= RECORDS PROVIDED =
----

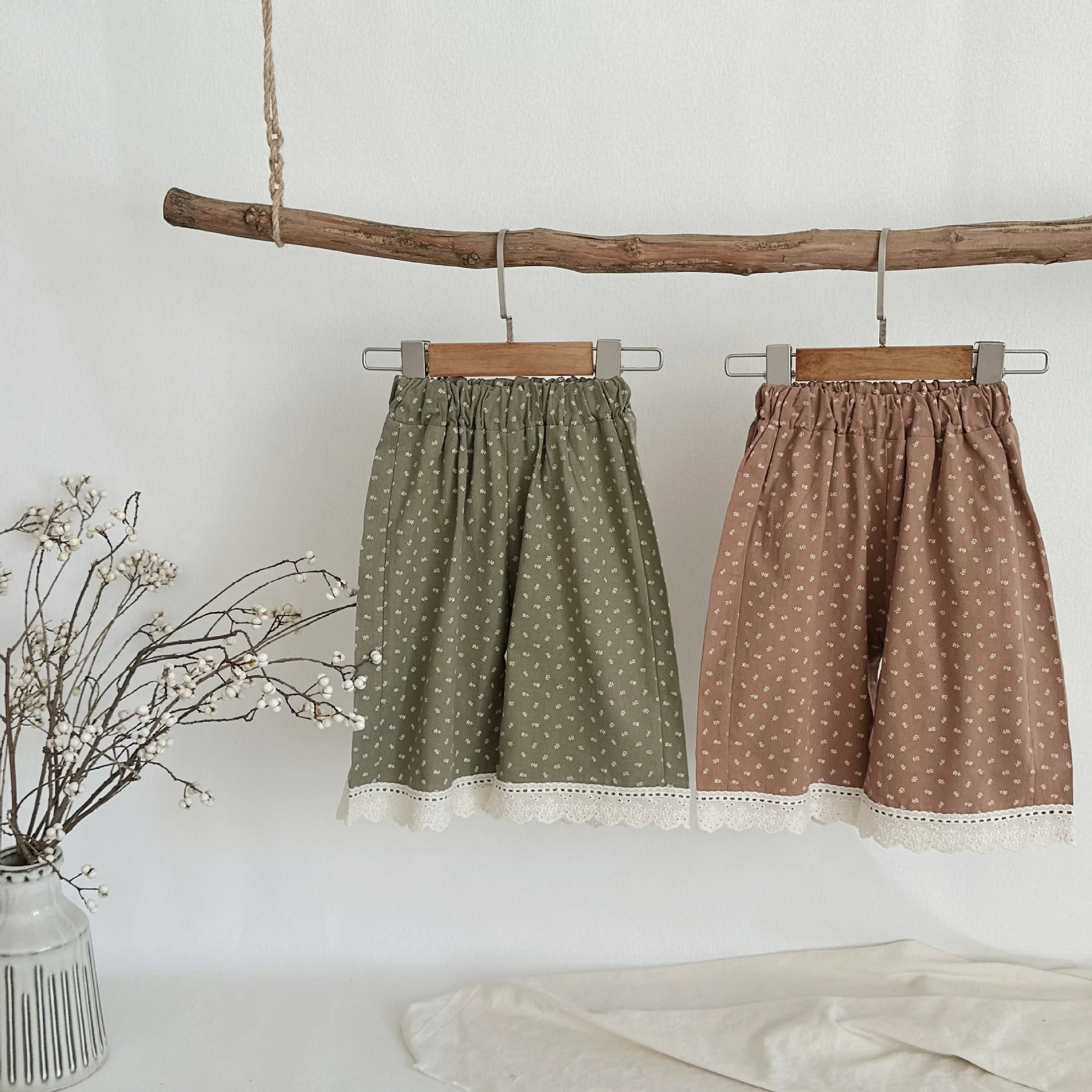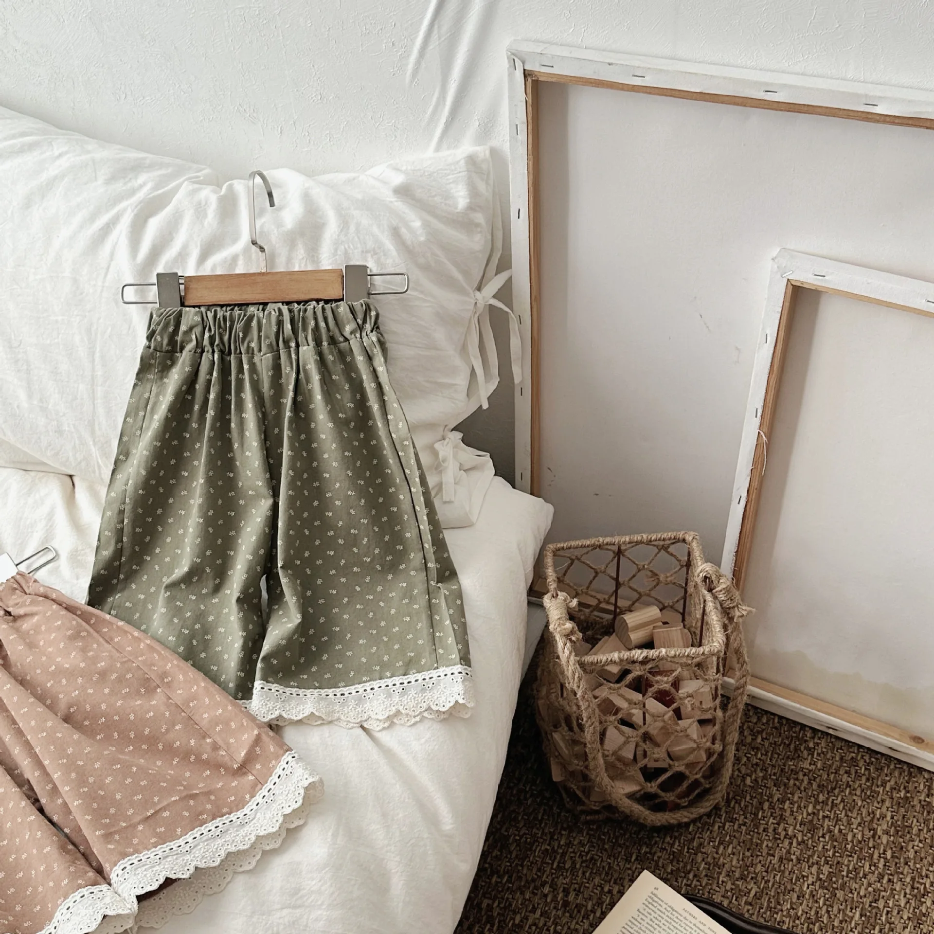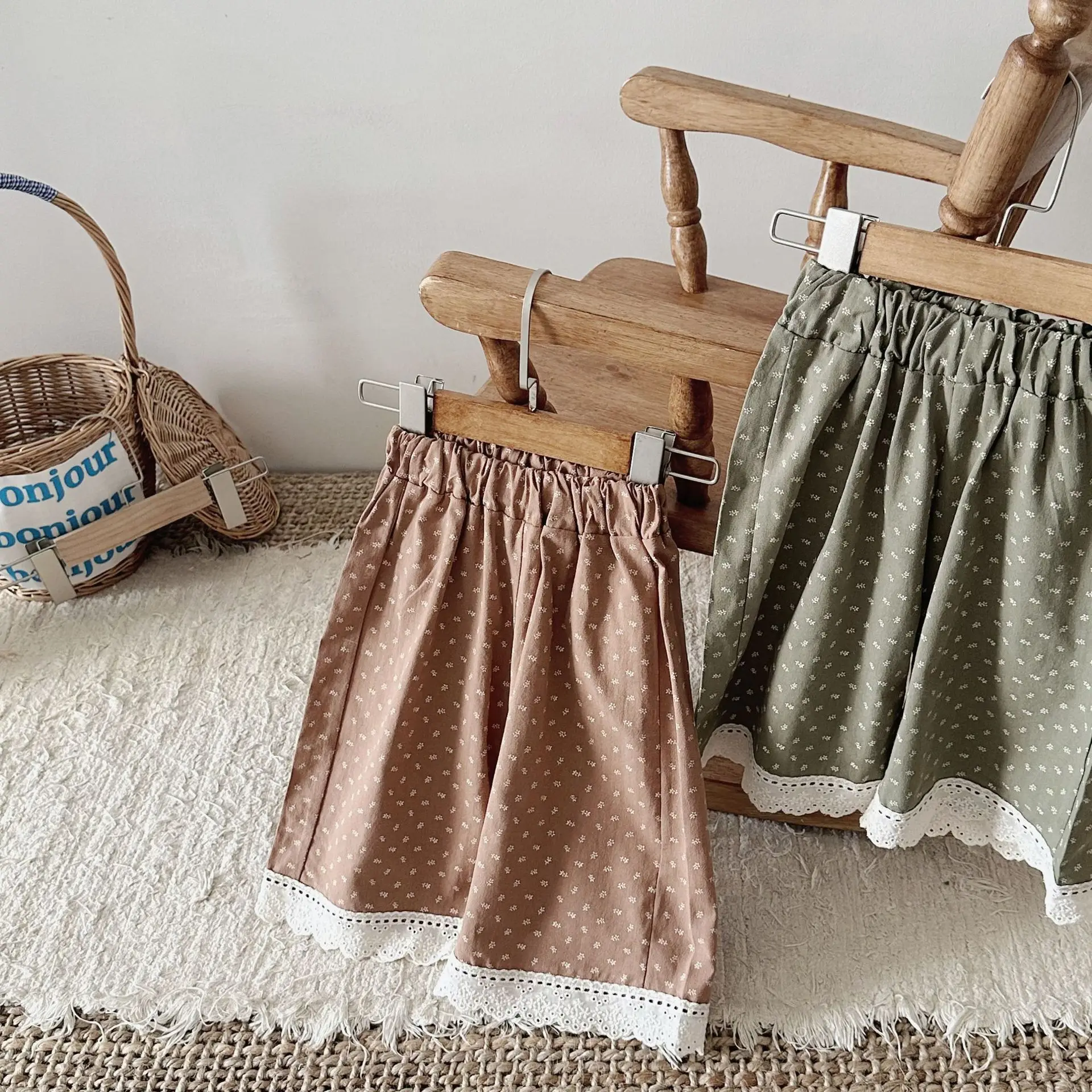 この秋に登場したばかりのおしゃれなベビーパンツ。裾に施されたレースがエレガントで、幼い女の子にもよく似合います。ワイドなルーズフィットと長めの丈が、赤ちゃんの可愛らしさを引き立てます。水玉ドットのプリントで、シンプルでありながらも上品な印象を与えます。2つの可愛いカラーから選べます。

----

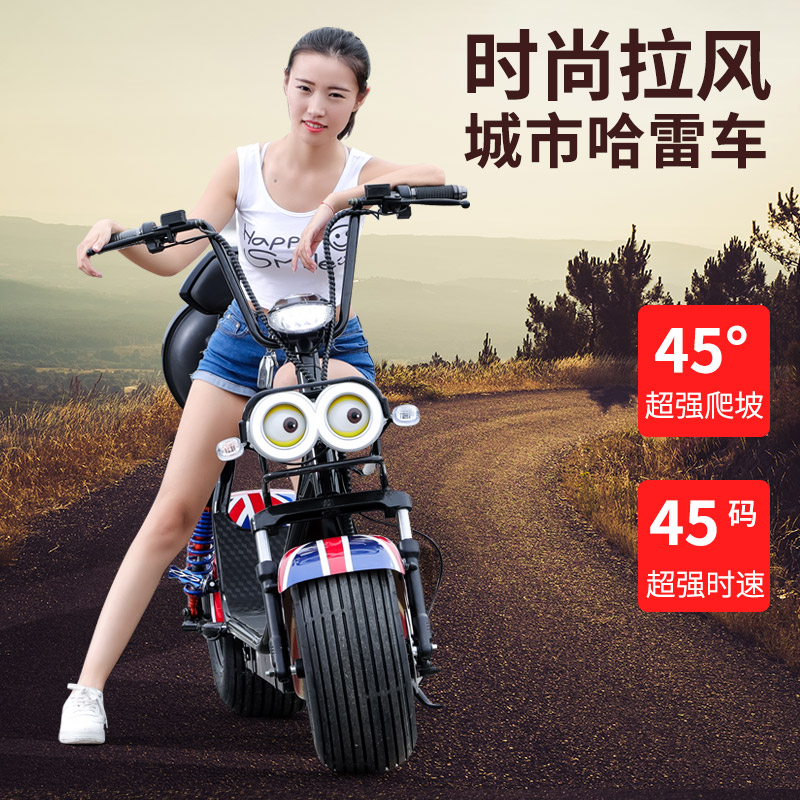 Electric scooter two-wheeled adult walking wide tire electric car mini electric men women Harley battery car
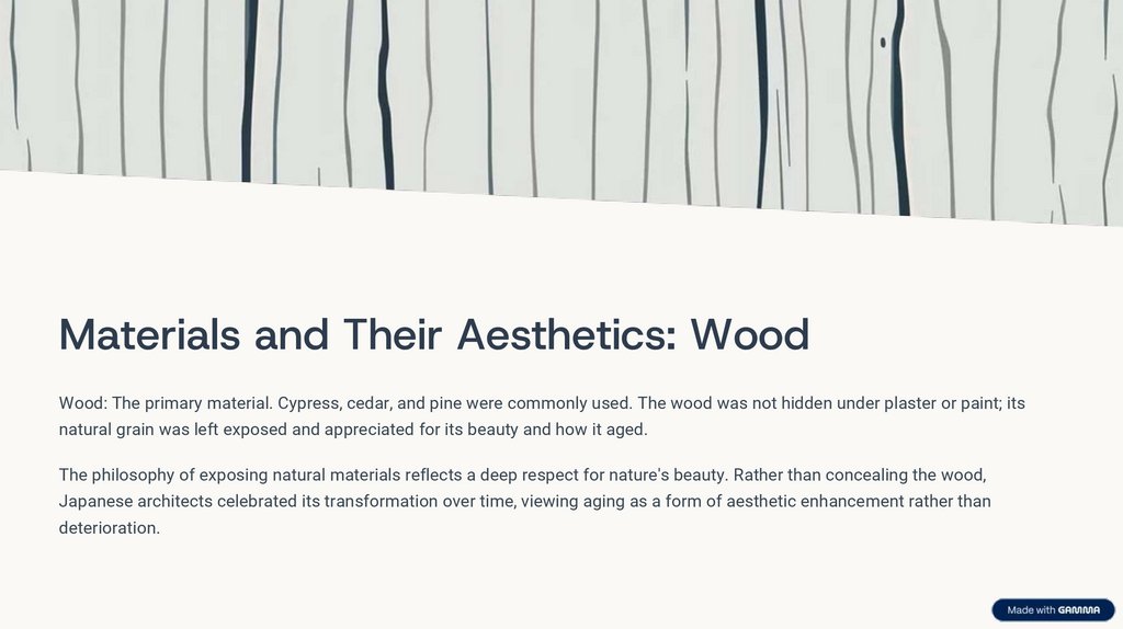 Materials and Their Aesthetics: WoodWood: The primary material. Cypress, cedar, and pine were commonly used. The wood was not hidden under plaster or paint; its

----

= WHAT YOU SHOULD DO =
Restate word for word every line from the one with "Electric scooter two-wheeled" up to and including the one with "Materials and Their" in the records above, minus the pictures.

= RESPONSE =
 Electric scooter two-wheeled adult walking wide tire electric car mini electric men women Harley battery car
 Materials and Their Aesthetics: WoodWood: The primary material. Cypress, cedar, and pine were commonly used. The wood was not hidden under plaster or paint; its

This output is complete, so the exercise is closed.